Controls how timestamp gaps in NCS files are handled.
If None (default), a ValueError is raised when gaps are detected, with a
detailed gap report showing the number, size, and location of each gap.
If a float value is provided, gaps smaller than this threshold (in milliseconds)
are ignored, and gaps larger than this threshold create new segments.
Use gap_tolerance_ms=0.0 to segment on all detected gaps.
strict_gap_mode : bool | None, default: None
.. deprecated::
Use ``gap_tolerance_ms`` instead. Will be removed in version 0.16.
If explicitly set, uses legacy gap detection behavior:
strict_gap_mode=True uses tight tolerance (0.2 sample intervals),
strict_gap_mode=False uses loose tolerance (quarter of 512-sample packet).
Notes
-----
* This IO supports NCS, NEV, NSE and NTT file formats (not NVT or NRD yet)

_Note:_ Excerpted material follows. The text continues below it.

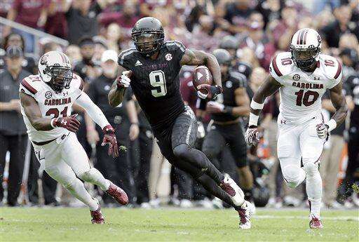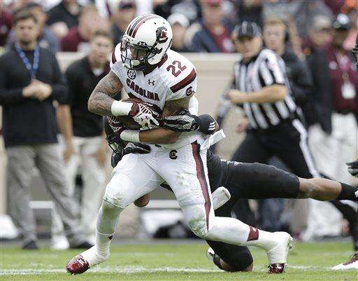 South Carolina running back Brandon Wilds (22) is hit as he runs against Texas A&M during the first half of an NCAA college football game, Saturday, Oct. 31, 2015, in College Station, Texas. (AP Photo/Eric Gay) The Associated Press

* These variations of header format and possible differences between the stated sampling frequency
and actual sampling frequency can create apparent time discrepancies in .Ncs files. Additionally,
the Neuralynx recording software can start and stop recording while continuing to write samples
to a single .Ncs file, which creates larger gaps in the time sequences of the samples.
* This RawIO attempts to correct for these deviations where possible and present a single section of
contiguous samples with one sampling frequency, t_start, and length for each .Ncs file. These
sections are determined by the NcsSectionsFactory class. In the
event the gaps are larger, this RawIO only provides the samples from the first section as belonging
to one Segment.
Examples
--------
>>> import neo.rawio
>>> reader = neo.rawio.NeuralynxRawIO(dirname='Cheetah_v5.5.1/original_data')
>>> reader.parse_header()
Inspect all files in the directory.
>>> print(reader)
Display all information about signal channels, units, segment size....
"""
extensions = ["nse", "ncs", "nev", "ntt", "nvt", "nrd"] # nvt and nrd are not yet supported
rawmode = "one-dir"
_ncs_dtype = [
("timestamp", "uint64"),
("channel_id", "uint32"),
("sample_rate", "uint32"),
("nb_valid", "uint32"),
("samples", "int16", NcsSection._RECORD_SIZE),
]
# Filter parameter keys used for stream differentiation
_filter_keys = [
"DSPLowCutFilterEnabled",
"DspLowCutFrequency",
"DspLowCutFilterType",
"DspLowCutNumTaps",
"DSPHighCutFilterEnabled",
"DspHighCutFrequency",
"DspHighCutFilterType",
"DspHighCutNumTaps",
"DspDelayCompensation",
"DspFilterDelay_µs",
]
def __init__(
self,
dirname="",
include_filenames=None,
exclude_filenames=None,
keep_original_times=False,
gap_tolerance_ms=None,
strict_gap_mode=None,
filename=None,
exclude_filename=None,
**kargs,
):
if not dirname:
raise ValueError("`dirname` cannot be empty.")
if filename is not None:
include_filenames = [filename]
warnings.warn(
"`filename` is deprecated and will be removed in version 1.0. Please use `include_filenames` instead"
)
if exclude_filename is not None:
if isinstance(exclude_filename, str):
exclude_filenames = [exclude_filename]
else:
exclude_filenames = exclude_filename
warnings.warn(
"`exclude_filename` is deprecated and will be removed in version 1.0. Please use `exclude_filenames` instead"
)
if include_filenames is None:
include_filenames = []
elif isinstance(include_filenames, str):
include_filenames = [include_filenames]
if exclude_filenames is None:
exclude_filenames = []
elif isinstance(exclude_filenames, str):
exclude_filenames = [exclude_filenames]
if include_filenames:
self.rawmode = "multiple-files"
else:
self.rawmode = "one-dir"
# Handle gap_tolerance_ms and deprecated strict_gap_mode
if strict_gap_mode is not None:
warnings.warn(
"`strict_gap_mode` is deprecated and will be removed in version 0.16. "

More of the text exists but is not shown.